The University of Massachusetts' University Without Walls was one of a number of similar programs founded at 17 American universities in 1971 with the help of a grant from the United States Office of Education. Samuel Baskin was considered the "driving force" behind the nationwide initiative. In 2010, Mark Cerasuolo became the first University of Massachusetts graduate from the University Without Walls program to deliver the University of Massachusetts' student commencement address. As of 2013, an average of 250 students were annually receiving bachelor's degrees through the UMass University Without Walls program, out of approximately 5,000 total undergraduate degrees annually awarded by the University of Massachusetts. Between 1971 and 2015, the University of Massachusetts had awarded approximately 3,000 degrees to students through the UWW program. The program enrolls more students who are veterans of the U.S. armed forces than any other academic department at the University of Massachusetts.
Structure
The UMass University Without Walls program only admits students who have already completed a minimum number of undergraduate university credits at the University of Massachusetts, or at another accredited institution, and have a minimum cumulative grade point average in those credits. Once enrolled, students are required to take four program-specific courses, plus additional classes equal to the difference between their accumulated university credits and the University of Massachusetts' 120-credit graduation requirement.

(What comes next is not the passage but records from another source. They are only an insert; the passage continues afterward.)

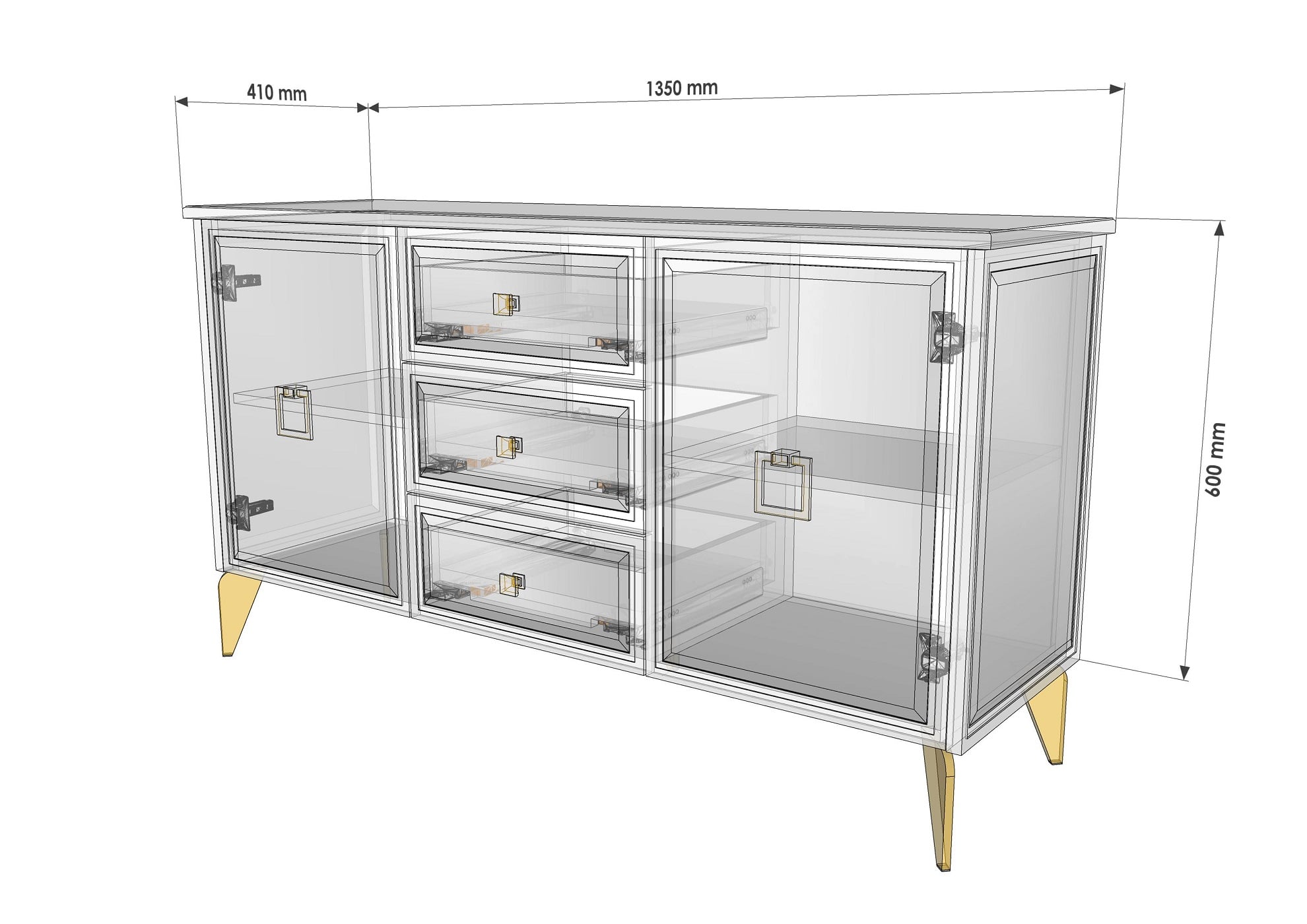 Комод "Шарм" также предлагает удобные ящики для хранения различных предметов, таких как одежда, постельное белье, посуда и другие мелочи. Ящики оснащены удобными металлическими направляющими, что обеспечивает легкое открытие и закрытие, а также долговечность использования.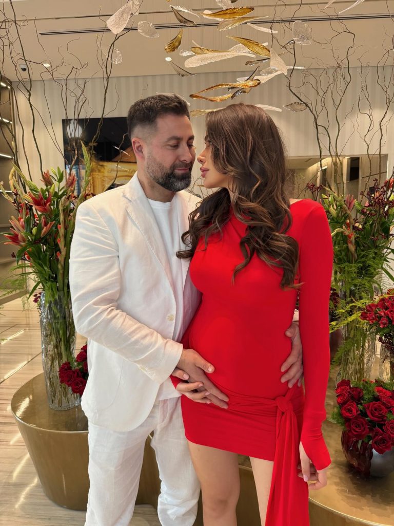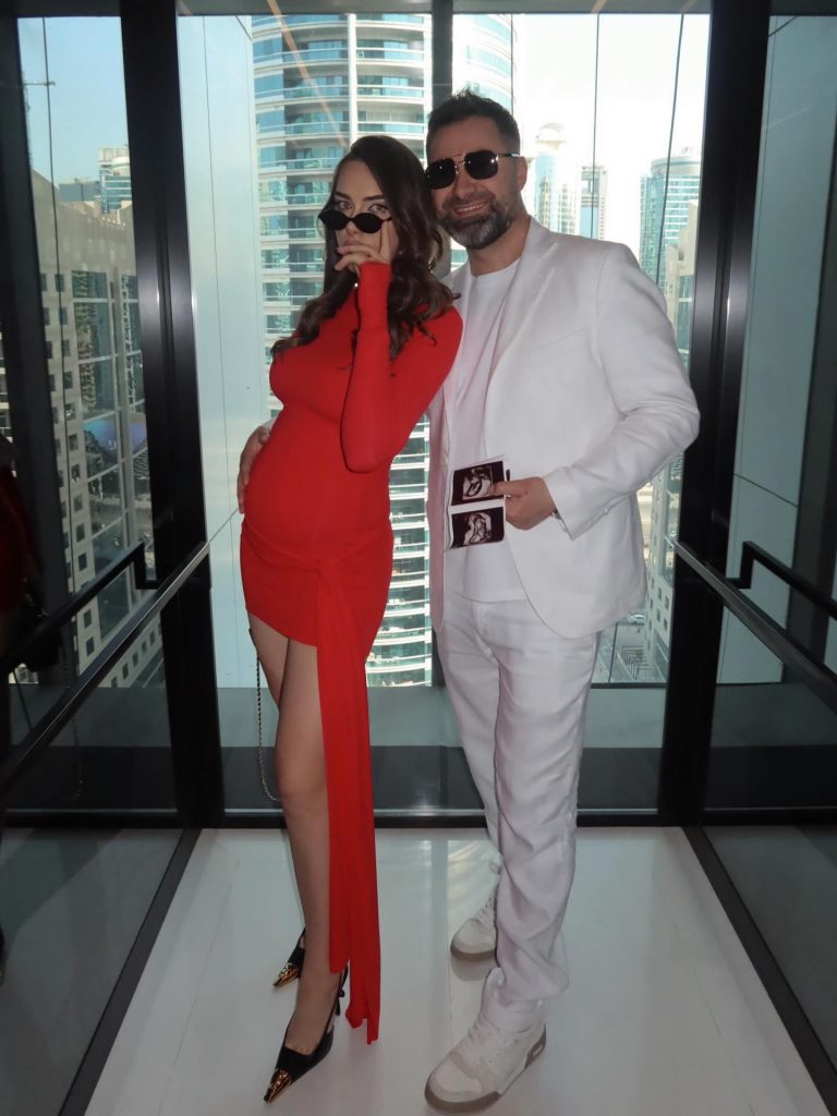 Îmbrăcată într-o rochie roșie care îi lasă la vedere burtica de gravidă în câteva luni, Iustina a pozat alături de soțul ei și de ecografia bebelușului care este pe drum.
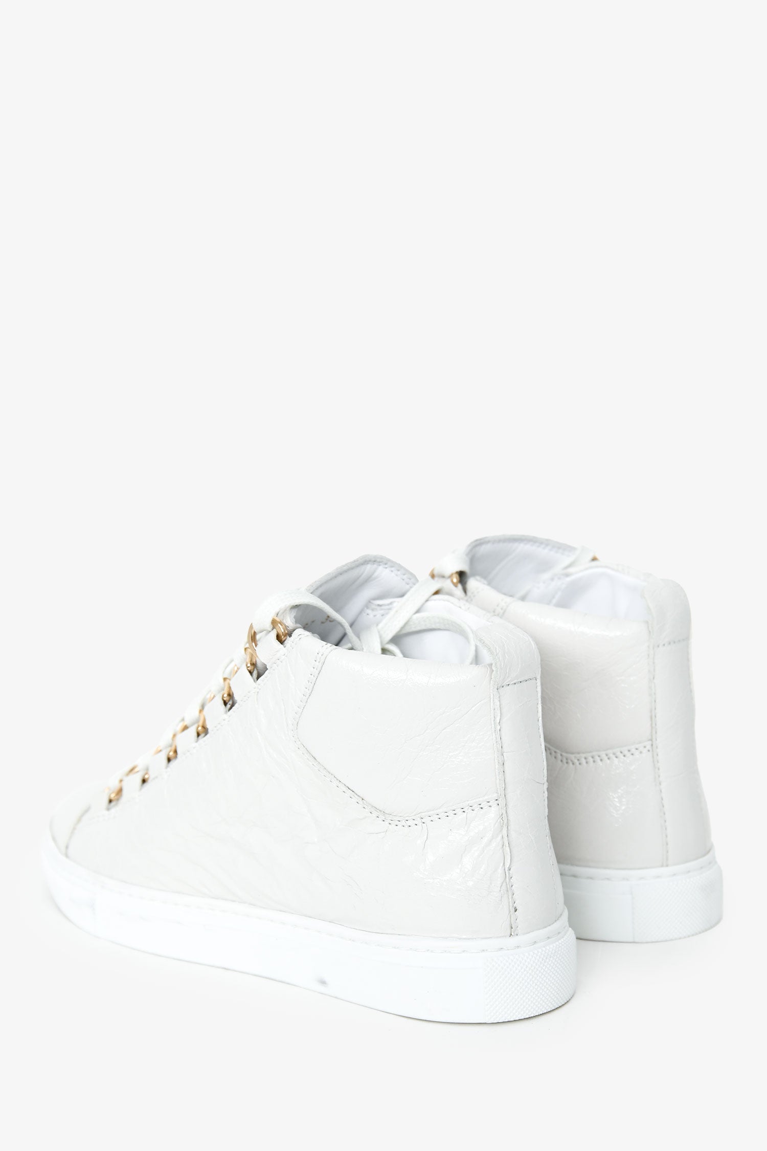 Balenciaga White Leather High Top Sneakers. Lace-up detail. Leather insole. Gold-tone hardware. Tonal stitching.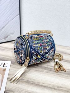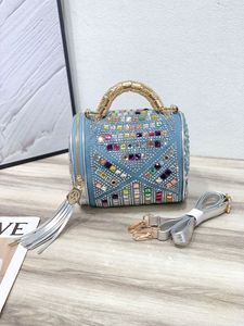 韓国版のミニファッションカラーダイヤモンドハンドバッグ、ホットダイヤモンド、多用途、絶妙でハイエンドのデニムバッグ、女性用クロスボディバッグ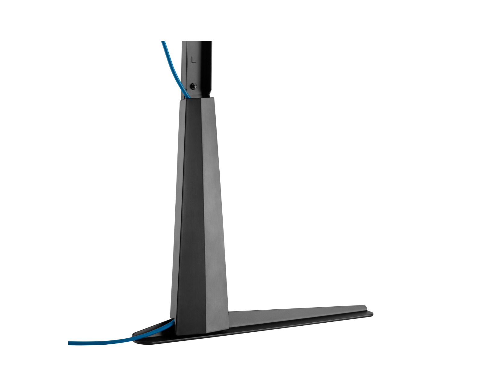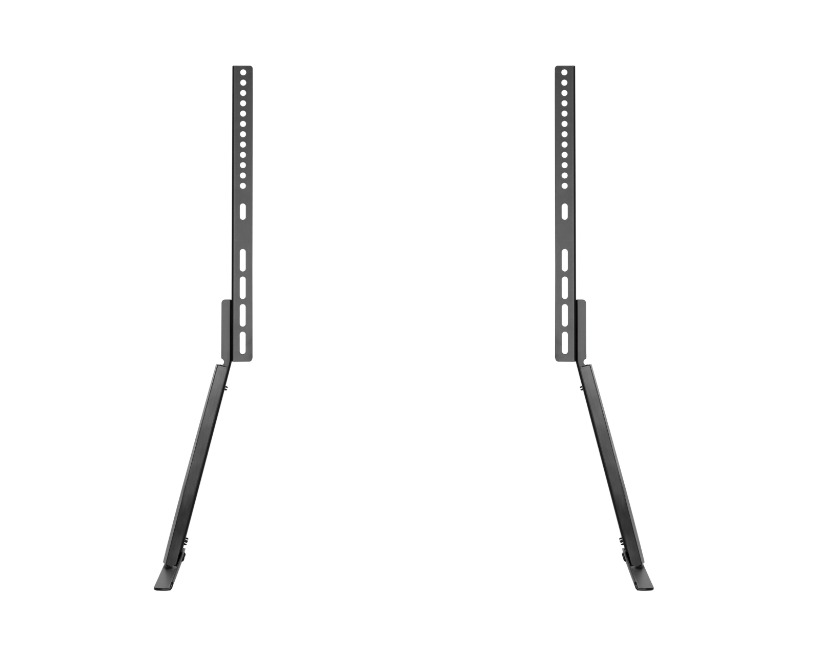 An adjustable universal TV stand for 32"–70" TVs that offers a minimalist style and customizable features for your home. This tabletop stand is the perfect solution as replacement feet and is designed to fit most brands of flat-screen TVs (LED, LCD, OLED) between 32 and 70 inches via VESA mount. The frictionless tilting design makes it easy to adjust the screen forward or backward for an improved viewing experience and reduced glare. With three different height adjustments, the stand can be tailored for optimal viewing and make room for a soundbar on your TV bench.The stand is made of sturdy, powder-coated steel that provides a stable and durable construction for heavy screens. To protect your furniture from scratches and marks, the underside is equipped with soft EVA foam pads. The high-quality finish prevents rust and wear, ensuring a long lifespan in all environments. Additionally, the stand offers integrated cable management to hide cords and keep your media bench organized. The compact package size reduces shipping costs and facilitates handling, making the product ideal for e-commerce.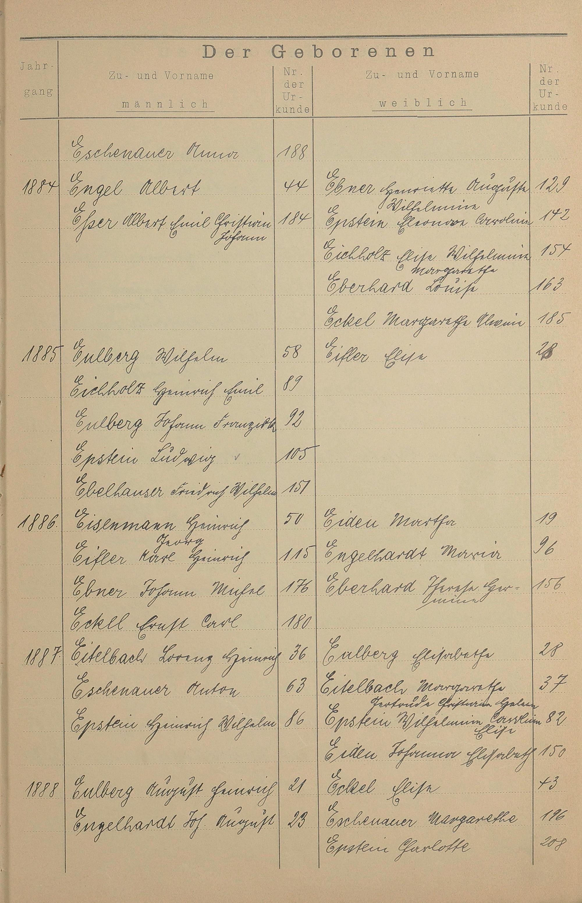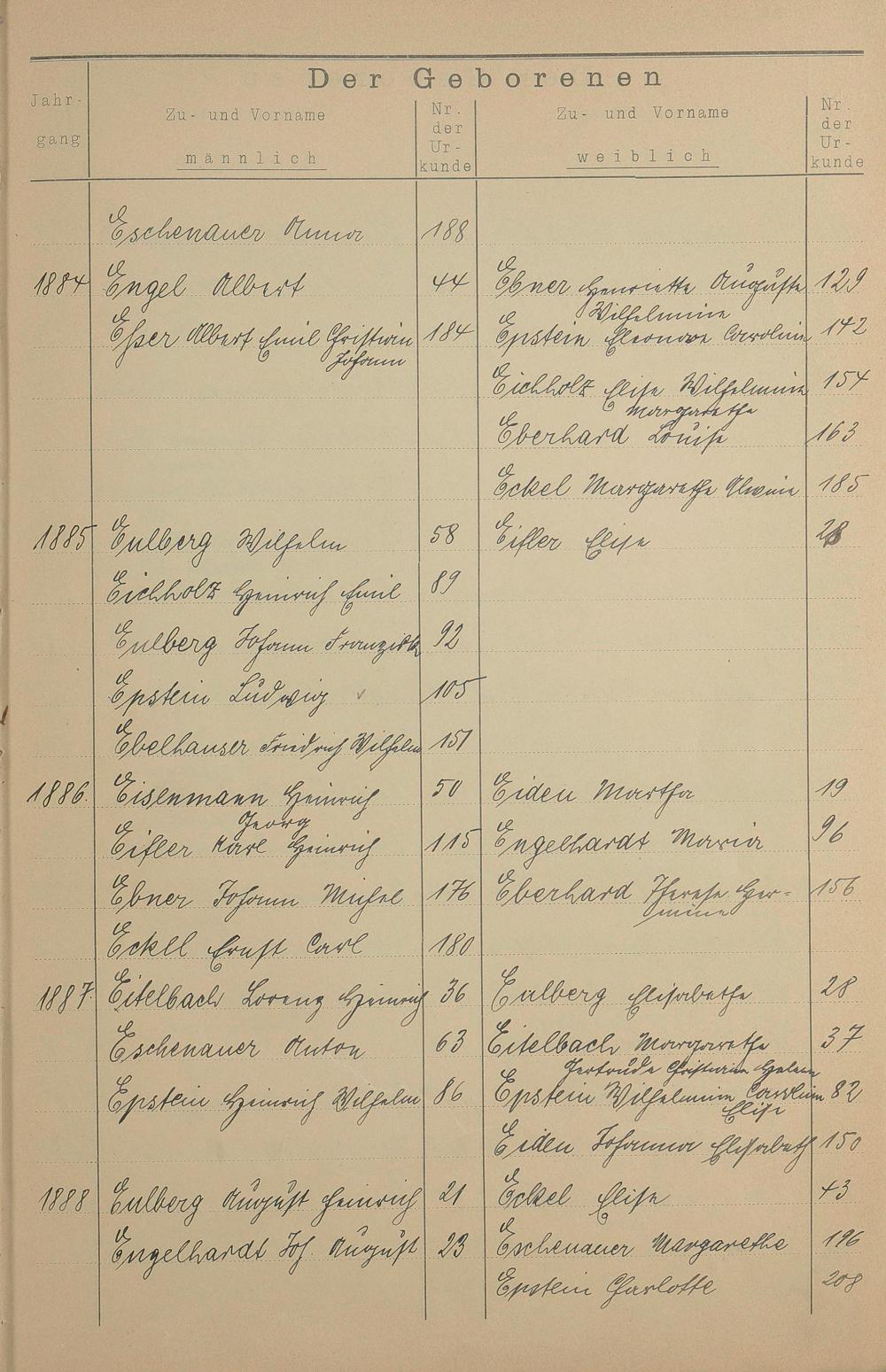 1554: Register A - Z zum Geburtsregister 1874-1900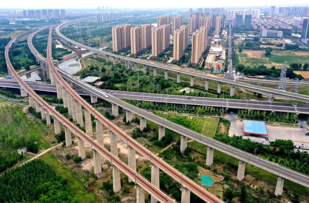 2024年5月30日,一列動(dòng)車組列車行駛在鄭州東站附近的線路上。(新華社發(fā))

Program-specific courses are taught by dedicated UMass University Without Walls faculty and deal with academic writing, critical thinking, research skills, and issues analysis. Students who require additional courses to meet the 120-credit requirement make up the deficit through standard University of Massachusetts classes taken from the school's other academic departments. Because the University Without Walls program functions as a regular academic department within the University of Massachusetts, students do not undertake an academic major. Instead, nine interdisciplinary areas of study are offered - including applied psychology, arts administration, and journalism - each consisting of courses from several academic fields drawn from both the student's previously completed credits as well as University of Massachusetts courses he or she completes while enrolled in the program.
Social justice residency
Beginning in 2012, the UWW program began offering a "social justice residency," a one-credit, three-day, intensive course held at the University of Massachusetts' Springfield Center that teaches the "theory and practice of social justice activism, particularly as related to racial and economic inequality."